Policy uncertainty in advanced economies impacts Asia-Pacific growth

Asia-Pacific economies have paid a heavy price for the uncertainty in economic and fiscal policies in the euro zone and the United States over the past five years. The Survey estimates this has involved a 3 per cent loss in Asia-Pacific GDP, equivalent to an output loss of $870 billion.

“In the past few years, the world economy has been characterized not only by lower growth but also by increased economic uncertainty. Near-term economic prospects have become more unpredictable, with sharp upward and downward revisions in growth projections. Policy uncertainty in developed economies is the main factor behind this environment,” says the Survey.

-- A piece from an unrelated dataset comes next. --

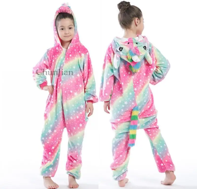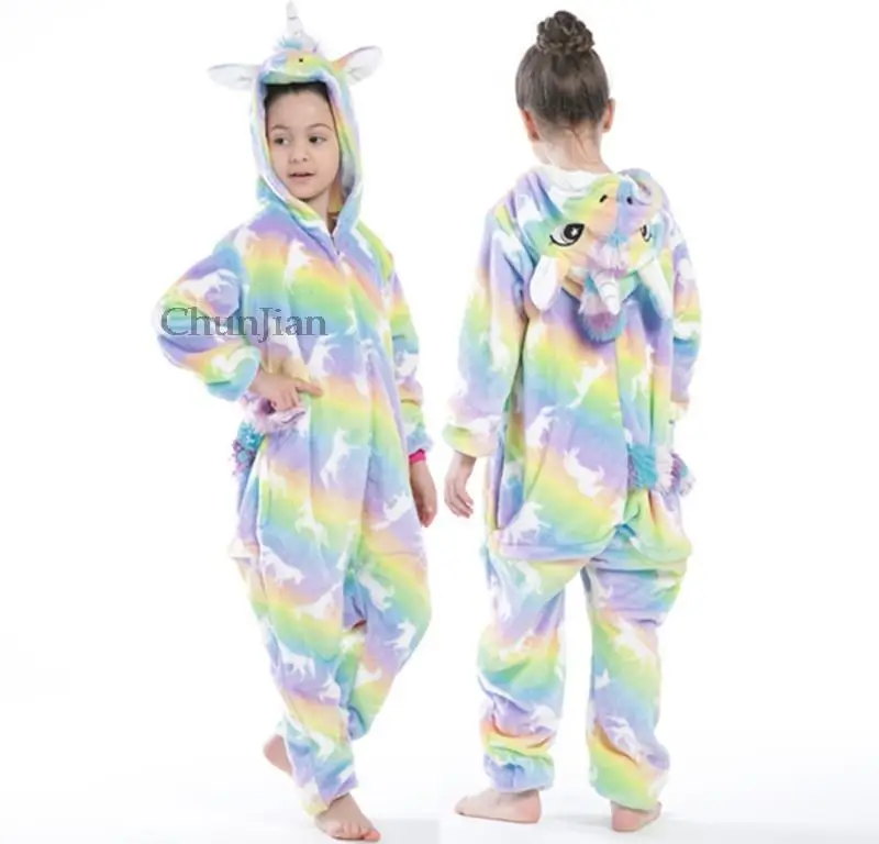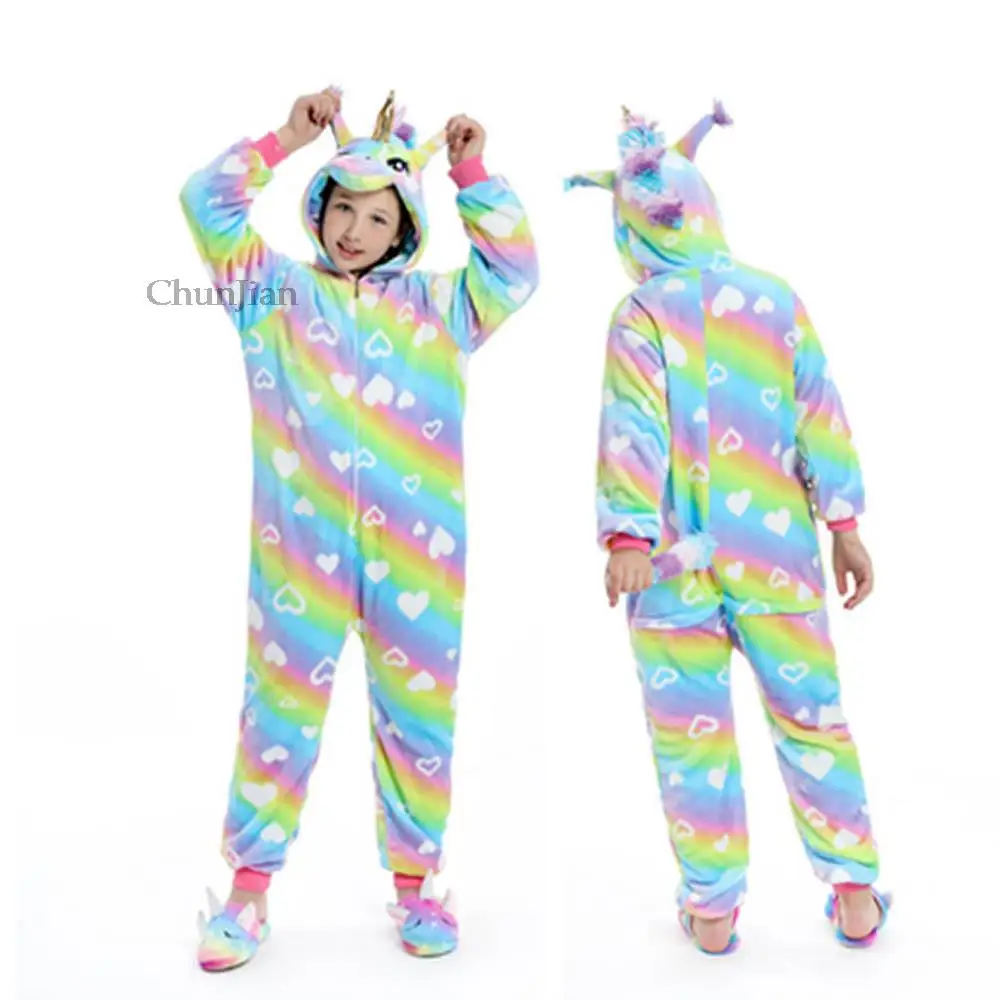 Пижама в виде единорога для девочек, кигуруми, детские комбинезоны ...

Uncertainty in advanced economies delays consumer spending and business expansion, tightens credit flow and triggers massive inflows and sudden outflows of foreign capital, especially in emerging Asia-Pacific economies.

Economic uncertainty has also increased within the Asia-Pacific region in recent years as evident in the volatility of daily stock market indices and the rapid destocking and restocking of inventories. Changes in inventories as a share of GDP were more pronounced during 2008-2009 in Malaysia, Republic of Korea, Thailand and Hong Kong (China).

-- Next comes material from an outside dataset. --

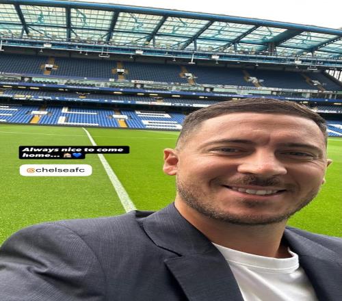 賽前,阿扎爾在社交媒體曬出他在斯坦福橋的自拍照,并配文:“回家總是很美好”

Lower levels of economic volatility support growth by boosting market confidence and reducing bond market distress. In the Philippines, Turkey and Hong Kong (China), the estimated annual reductions in GDP caused by volatility linked to economic uncertainty in developed countries are found to range from 7 to 9 per cent. ESCAP analysis shows that a relatively modest improvement in market confidence and reduction in bond market distress can have a sizeable positive impact on GDP growth.

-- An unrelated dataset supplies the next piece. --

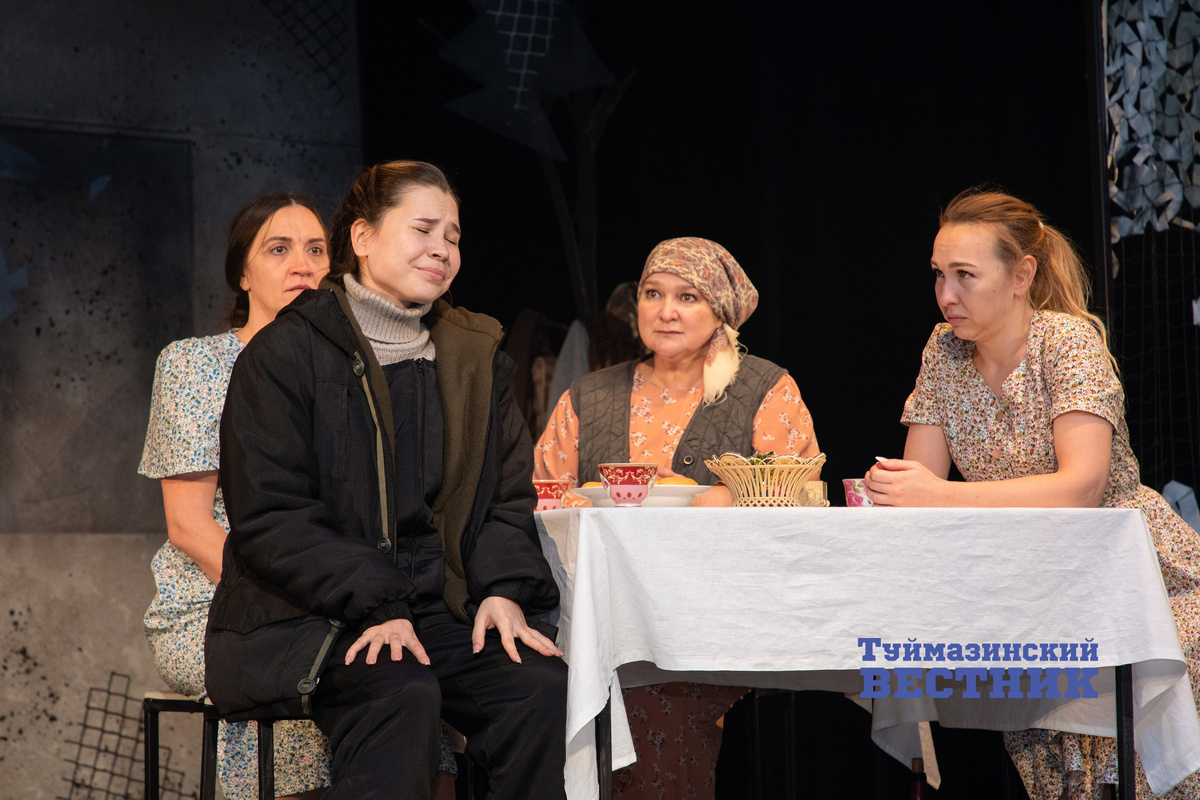 Премьера спектакля современного драматурга из Луганска Светланы Тишкиной состоялась на сцене Туймазинского татарского драмтеатра. Полуразрушенный дом с печкой-буржуйкой, закрытые ставнями окна. А в центре комнаты под вой сирен беседуют женщины – представительницы трех поколений. Такой зрители увидели театральную сцену Туймазинского драмтеатра на премьере спектакля «Женщины» по пьесе драматурга из Луганска Светланы Тишкиной. Казалось, речь идет о событиях Великой Отечественной войны. Но это не так. Артисты рассказали о наших современницах – женщинах Донбасса, на долю которых выпали тяжелейшие испытания. Спасаясь от артобстрелов в подвалах, они продолжают жить в своих домах и вместе с детьми помогают воюющим за освобождение мужчинам. Для 60-летней героини спектакля Груни война стала семейной трагедией. Ее супруг погиб, защищая Донбасс. Старшая дочь Алена сбежала за границу и на протяжении десяти лет от нее нет вестей. Младшая – Даша выучилась на врача и теперь сутками дежурит в больнице,

Governments can use countercyclical and proactive fiscal and supportive financial policies to offset the adverse impact of policy uncertainty in the developed world. Governments should design these policies in such a way that the measures also address long-term issues such as infrastructure shortages, including access to modern energy, preserving and improving skills of the workforce and other development deficits.

These country-level policy responses can strengthen market optimism and reduce financial risks. ESCAP estimates show that proactive fiscal and financial policies could, on average, reduce by 75 per cent, the economic output loss caused by policy uncertainty in developed countries and significantly moderate the resulting loss in employment.

Thus, an estimated 2.6 million jobs a year could be saved in China and as many 800,000 a year in the Russian Federation through proactive policies to counter the impact of economic policy uncertainty in developed countries.